▶ _HOW TO COMPLETE THIS TASK_: Copy out exactly the lines spanning the line with "Luxe badkamer met" to the line with "Ensure that the", inclusive, from the data underneath, with no pictures.

▶ _DATA PROVIDED_:
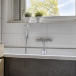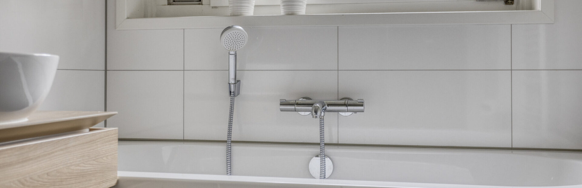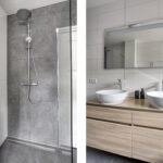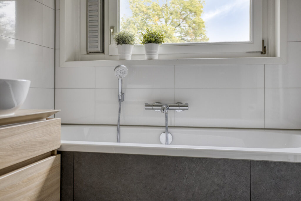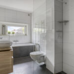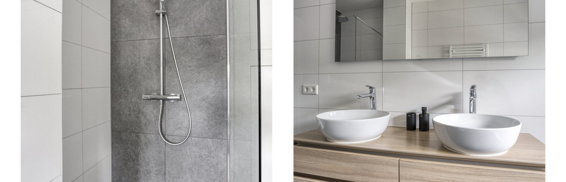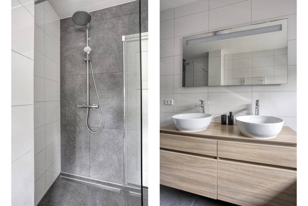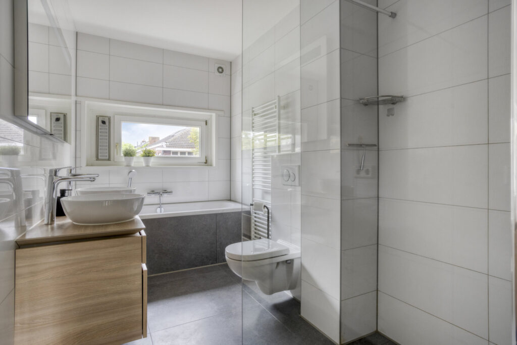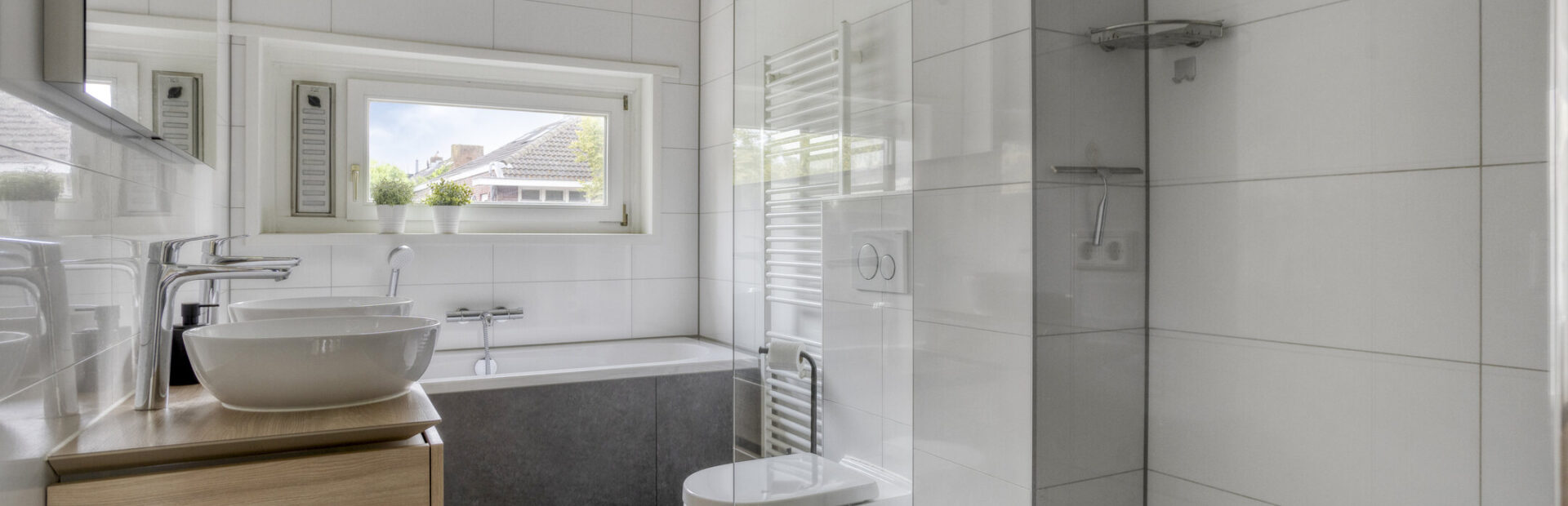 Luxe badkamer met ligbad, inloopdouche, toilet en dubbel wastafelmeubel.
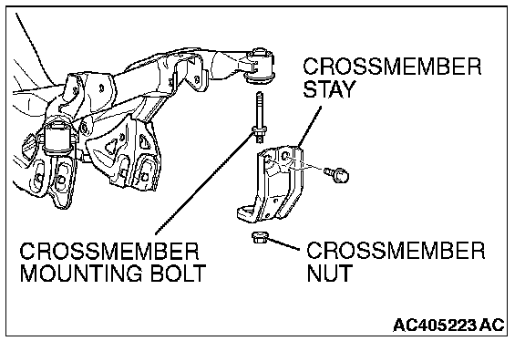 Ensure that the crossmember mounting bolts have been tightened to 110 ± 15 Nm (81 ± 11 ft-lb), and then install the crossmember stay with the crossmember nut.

* * *

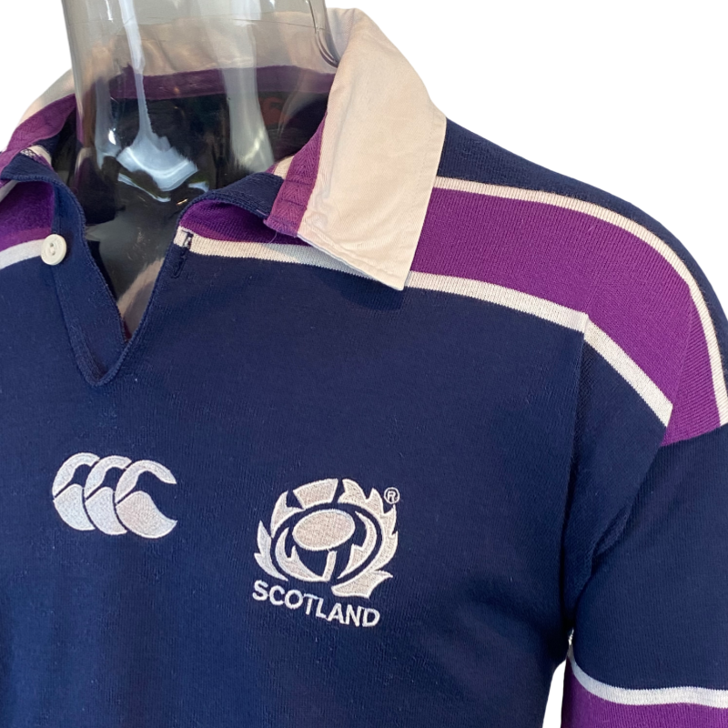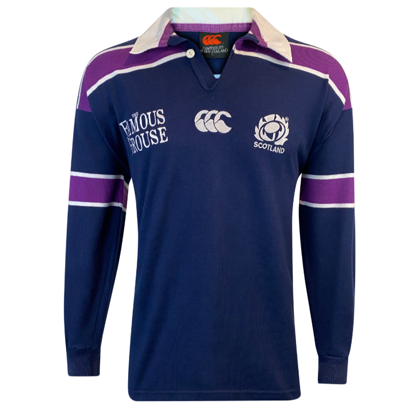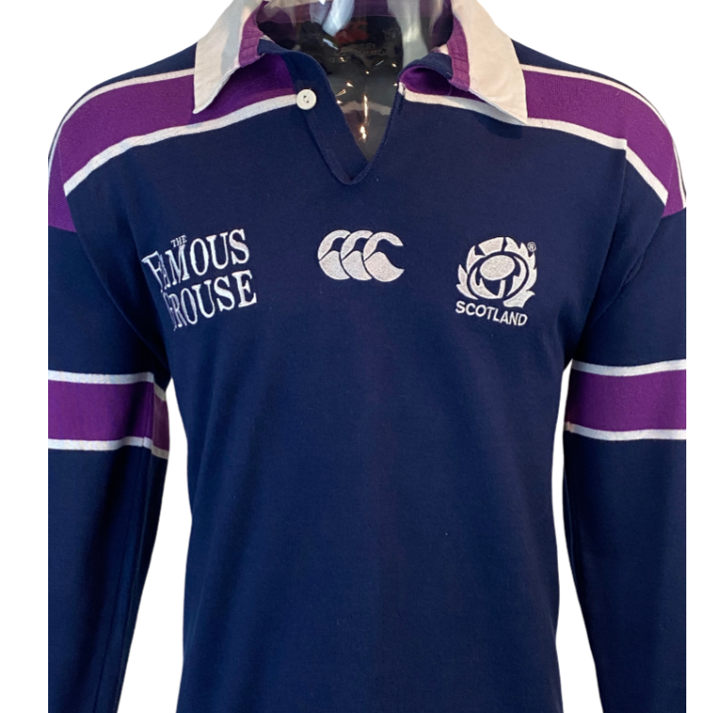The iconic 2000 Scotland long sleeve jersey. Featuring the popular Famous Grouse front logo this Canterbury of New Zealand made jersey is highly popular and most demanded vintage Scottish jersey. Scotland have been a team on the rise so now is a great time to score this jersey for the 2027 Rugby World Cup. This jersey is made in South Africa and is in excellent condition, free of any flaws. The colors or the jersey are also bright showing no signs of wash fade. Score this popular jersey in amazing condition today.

▶ _EXERCISE OUTPUT_:
 Luxe badkamer met ligbad, inloopdouche, toilet en dubbel wastafelmeubel.
 Ensure that the crossmember mounting bolts have been tightened to 110 ± 15 Nm (81 ± 11 ft-lb), and then install the crossmember stay with the crossmember nut.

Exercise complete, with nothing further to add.